====== Source material

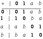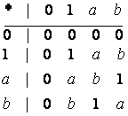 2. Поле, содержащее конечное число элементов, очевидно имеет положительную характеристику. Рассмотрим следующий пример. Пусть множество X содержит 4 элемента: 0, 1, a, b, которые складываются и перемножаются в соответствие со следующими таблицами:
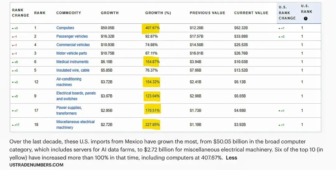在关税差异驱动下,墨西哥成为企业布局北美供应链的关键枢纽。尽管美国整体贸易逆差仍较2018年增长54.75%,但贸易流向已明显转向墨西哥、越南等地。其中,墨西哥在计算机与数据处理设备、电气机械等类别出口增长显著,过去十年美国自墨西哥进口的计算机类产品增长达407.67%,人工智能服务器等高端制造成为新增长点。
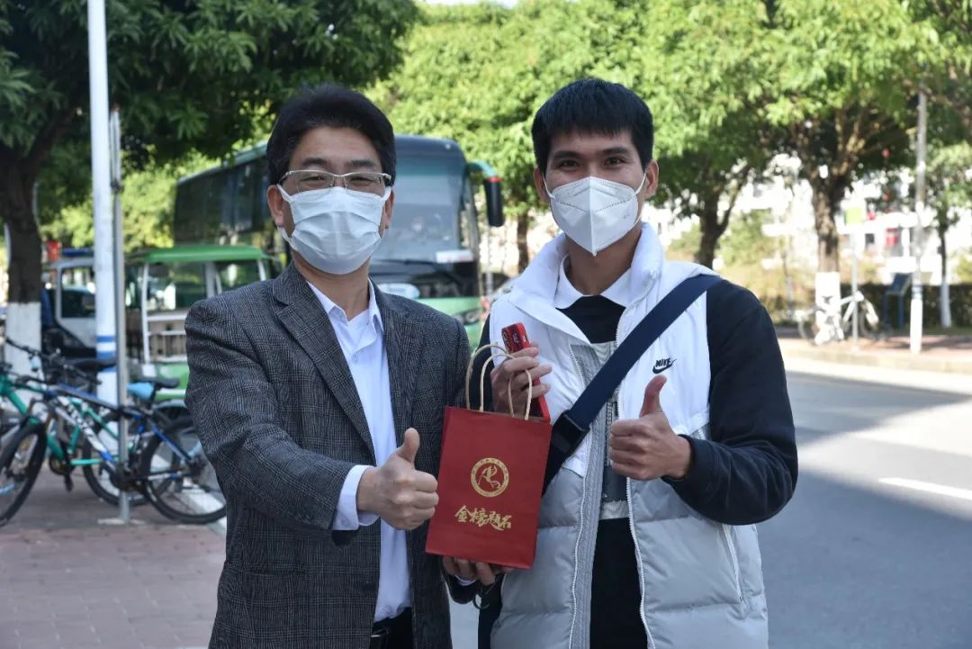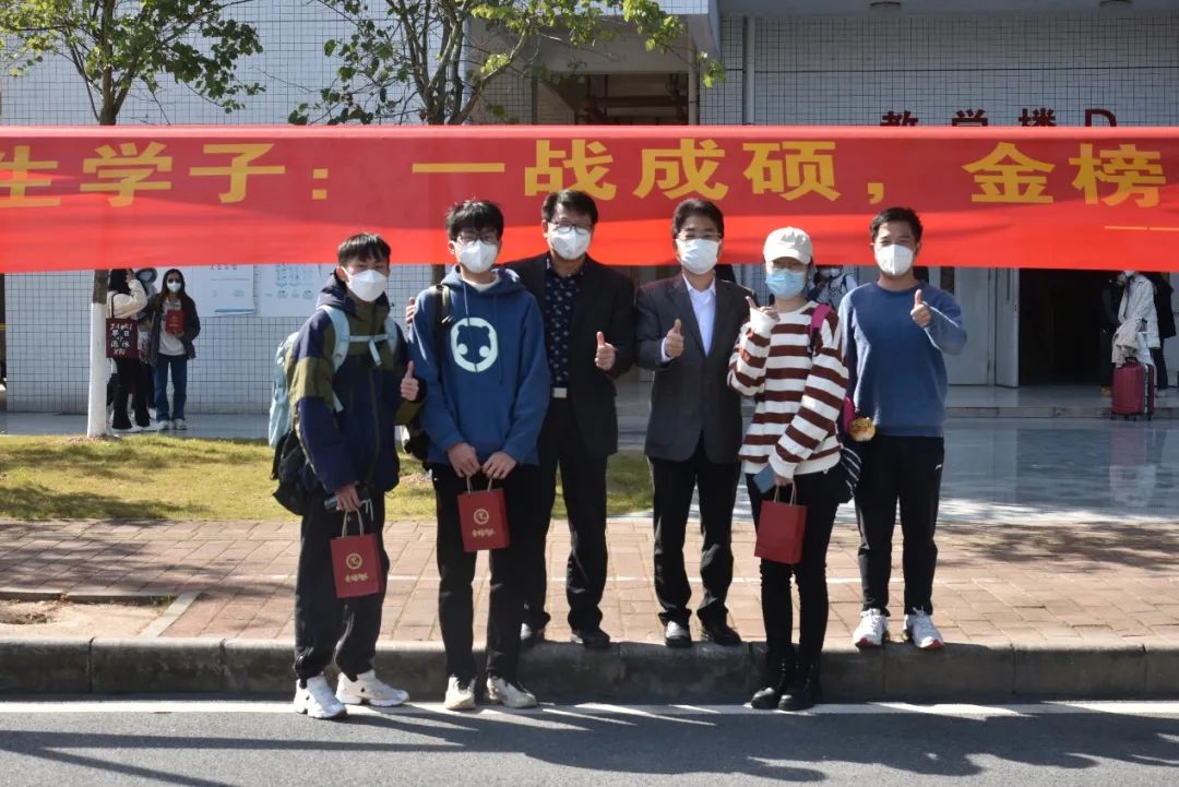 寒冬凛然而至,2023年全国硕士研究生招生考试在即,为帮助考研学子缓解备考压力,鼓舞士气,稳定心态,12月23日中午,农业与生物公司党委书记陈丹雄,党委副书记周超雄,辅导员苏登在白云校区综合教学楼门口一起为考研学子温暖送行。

============

**Work request**:
Reprint the data verbatim, pictures excluded.

**Answer box**:
 2. Поле, содержащее конечное число элементов, очевидно имеет положительную характеристику. Рассмотрим следующий пример. Пусть множество X содержит 4 элемента: 0, 1, a, b, которые складываются и перемножаются в соответствие со следующими таблицами:
在关税差异驱动下,墨西哥成为企业布局北美供应链的关键枢纽。尽管美国整体贸易逆差仍较2018年增长54.75%,但贸易流向已明显转向墨西哥、越南等地。其中,墨西哥在计算机与数据处理设备、电气机械等类别出口增长显著,过去十年美国自墨西哥进口的计算机类产品增长达407.67%,人工智能服务器等高端制造成为新增长点。
 寒冬凛然而至,2023年全国硕士研究生招生考试在即,为帮助考研学子缓解备考压力,鼓舞士气,稳定心态,12月23日中午,农业与生物公司党委书记陈丹雄,党委副书记周超雄,辅导员苏登在白云校区综合教学楼门口一起为考研学子温暖送行。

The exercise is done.